Records from a collection
◇ ◇ ◇ ◇

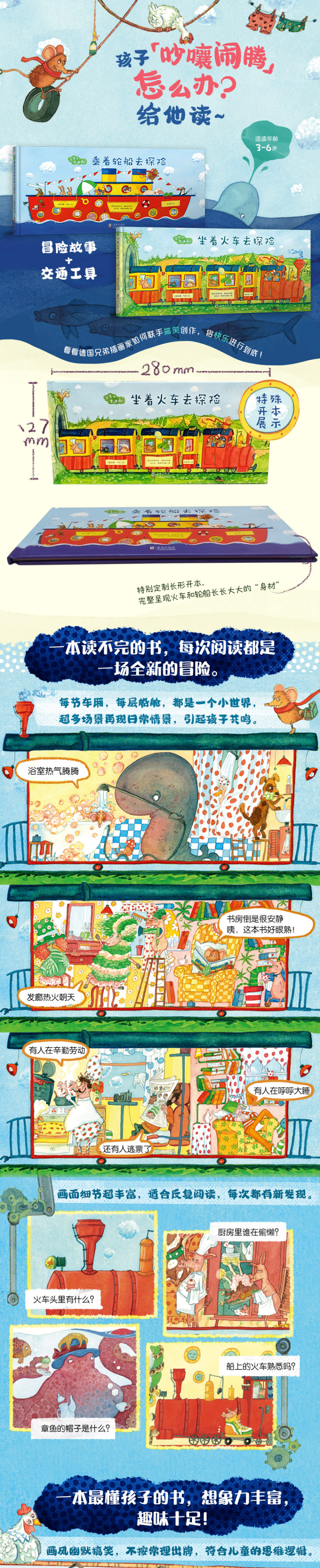 1.故事惊喜不断,每节车厢都是来自日常生活的一个场景,熟悉亲切有共鸣。在接连不断的场景变化里,小老鼠费迪南从火车车头走到车尾,从轮船下一层爬到顶层,在一路寻找的过程中,经历了一系列充满想象的好玩冒险。
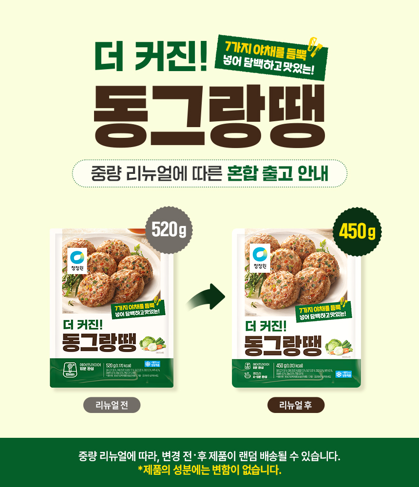 이미지 확대보기[명절행사] 더커진 동그랑땡 450g x2개+직화떡갈비 420g x2개
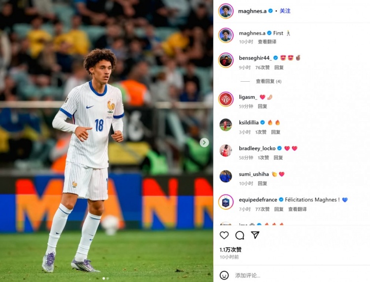 9月6日讯 法国队在本轮世预赛2-0力克乌克兰,边锋阿克利乌舍最后替补登场完成首秀。他也在赛后通过社媒晒出自己的比赛照,...
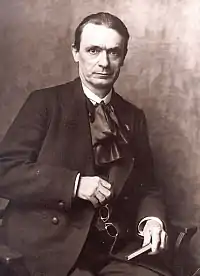Rudolf Joseph Lorenz Steiner (27 or 25 February 1861[1] – 30 March 1925) was an Austrian occultist,[8] social reformer, architect, esotericist,[9][10] and claimed clairvoyant.[11][12] Steiner gained initial recognition at the end of the nineteenth century as a literary critic and published works including The Philosophy of Freedom.[13] At the beginning of the twentieth century he founded an esoteric spiritual movement, anthroposophy, with roots in German idealist philosophy and theosophy. His teachings are influenced by Christian Gnosticism[lower-roman 1][15] (for heresiologists it is little doubt that these are neognosticism[16][17][18][19]). Many of his ideas are pseudoscientific.[20] He was also prone to pseudohistory.[21]
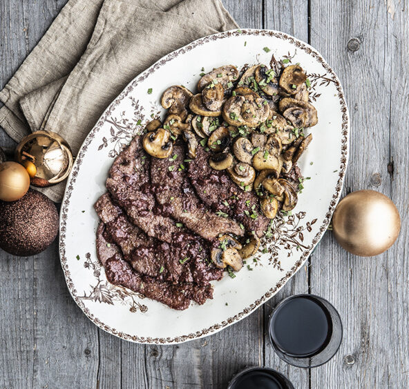 3. Servite la carne al vino rosso subito, insieme ai funghi, irrorandola con un po’ del fondo di cottura.
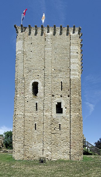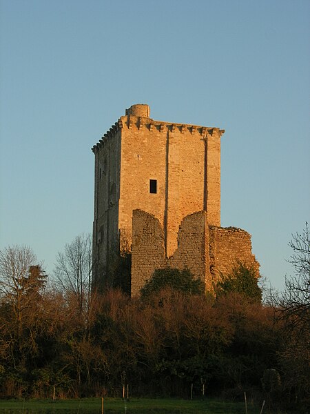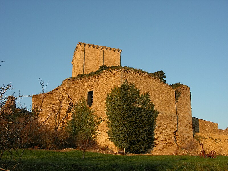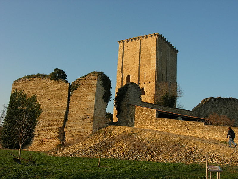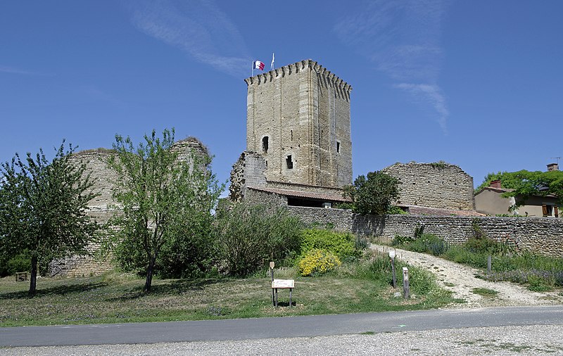 Donjon de l'ancien château : classement par arrêté du 14 juillet 1877 . Vestiges du château (chemise, courtine) et de l'église (cad. AD 68, 69, 72, 73, 76, 77) , ainsi que le sol de ces parcelles pouvant contenir des vestiges archéologiques : inscription par arrêté du 13 février 1995

◇ ◇ ◇ ◇

Copy the lines above exactly, starting at the one with "9月6日讯 法国队在本轮世预" and ending at the one with "3. Servite la", both included. Leave out any pictures and add nothing else.

 9月6日讯 法国队在本轮世预赛2-0力克乌克兰,边锋阿克利乌舍最后替补登场完成首秀。他也在赛后通过社媒晒出自己的比赛照,...
Rudolf Joseph Lorenz Steiner (27 or 25 February 1861[1] – 30 March 1925) was an Austrian occultist,[8] social reformer, architect, esotericist,[9][10] and claimed clairvoyant.[11][12] Steiner gained initial recognition at the end of the nineteenth century as a literary critic and published works including The Philosophy of Freedom.[13] At the beginning of the twentieth century he founded an esoteric spiritual movement, anthroposophy, with roots in German idealist philosophy and theosophy. His teachings are influenced by Christian Gnosticism[lower-roman 1][15] (for heresiologists it is little doubt that these are neognosticism[16][17][18][19]). Many of his ideas are pseudoscientific.[20] He was also prone to pseudohistory.[21]
 3. Servite la carne al vino rosso subito, insieme ai funghi, irrorandola con un po’ del fondo di cottura.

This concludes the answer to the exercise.